By calling for such an impartial envisioning of the unthinkable, Colebrook defies grave, foreseeable risks: the same critics who leapt to label deconstruction fascist may now leap to repeat charges of nihilism. (It is odd that this polemical stick is so often wielded without any knowledge of the term’s provenance as the deathly opposition that Nietzsche fought against, a heritage both de Man and Derrida respected.) In this predictable eventuality the responsibility will lie with those who could not discern the lucid austerity of Colebrook’s desire to at last free readers from the complacency of contemporary criticism and to replace it with the kind of restless, permanently unsettling experience de Man thought the most rigorous writing could induce.

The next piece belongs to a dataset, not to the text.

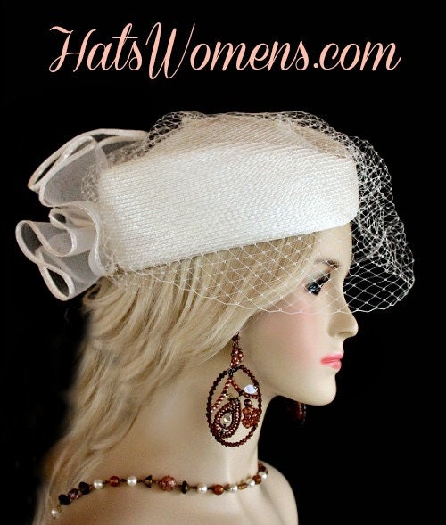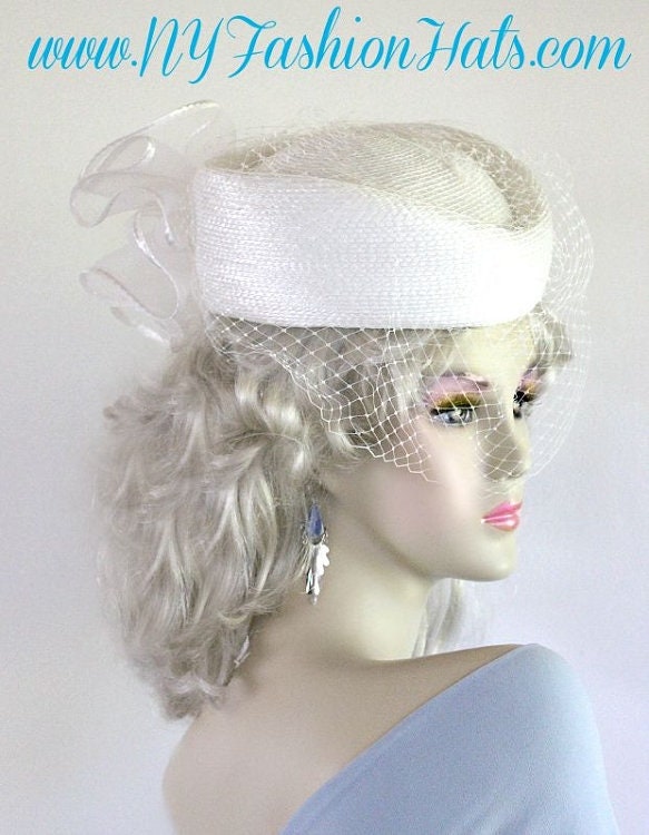 Ladies Stunning White Designer Pillbox Fashion Wedding Bridal Hat With A Bow And Birdcage Face Veil. This Formal Pillbox Hat Is Suited For A Bride, Mother Of The Bride Or Groom, Church, Garden Tea Parties, Formals, Horse Races, And Special Occasion.

This may be what Miller has in mind when he says de Man can provide us help without reassurance.
 
Do the contributors succeed in escaping from de Man’s dilemma? No, but their failures may be more helpful, as cautionary examples, than are many apparent successes of more confidently grounded theory in the humanities. Readers who turn to criticism not for reassurance but for inquiry informed by self-restraint, skepticism, and rigor will find the latter in short supply today—a situation that may warrant consideration of essays like these and the notes de Man wrote for his lecture on Benjamin.
 

Christopher Morris is Charles A. Dana Professor of English, Emeritus, at Norwich University in Northfield, Vermont. His books are Models of Misrepresentation: On the Fiction of E.L. Doctorow; The Hanging Figure: On Suspense and the Films of Alfred Hitchcock; and The Figure of the Road: Deconstructive Studies in Humanities Disciplines. He is at work on a book on Mark Twain and continental criticism; his recent work on Mark Twain has appeared and is forthcoming in Journal of Narrative Technique, Papers on Language and Literature, Nineteenth-Century Fiction, and University of Toronto Quarterly.